Another advantage is the possibility to share data with others, such as parents and caregivers. Thus, it is even safer to control diabetes.
Other innovations are the insulin pumps with continuous glucose monitoring, which allow the doctor to determine the exact amounts that should be released to the patient’s blood. Also the inhalable insulin, sold in powder cartridges with three sizes of dosages. The patient inserts the cartridge into an inhaler and, while aspirating, takes the substance to the lung, which is absorbed into the bloodstream. Therefore, it reduces blood glucose levels.
Telemedicine systems: from online consultations to process management
The expansion of telemedicine in Brazil, since last year, has made many clinics and offices look for technologies. The market has several healthtechs that offer complete and innovative telemedicine systems.
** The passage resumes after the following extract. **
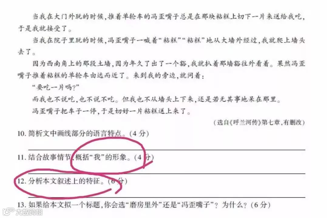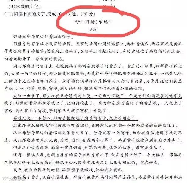 比如,2019年的高考语文大阅读材料题——《呼兰河传》,这篇文章不管老师在课堂上有没有讲过,对于学会了小说阅读方法的学生来说,简直就是送分题!

We are approximately 7.8 billion people worldwide. Many live in countries with poor access to healthcare. In this sense, it is essential to invest in affordable solutions, in terms of space and cost, which help prevention, treatment and healthcare support.
The healthtechs have come and are committed to such proposal. Their main goal is to improve the people’s quality of life.
Reviewed by Paulo Schor, ophthalmologist, free professor and director of innovation of the Federal University of São Paulo (Unifesp) and collaborator of the Faculty of Medicine of the Albert Einstein Hospital.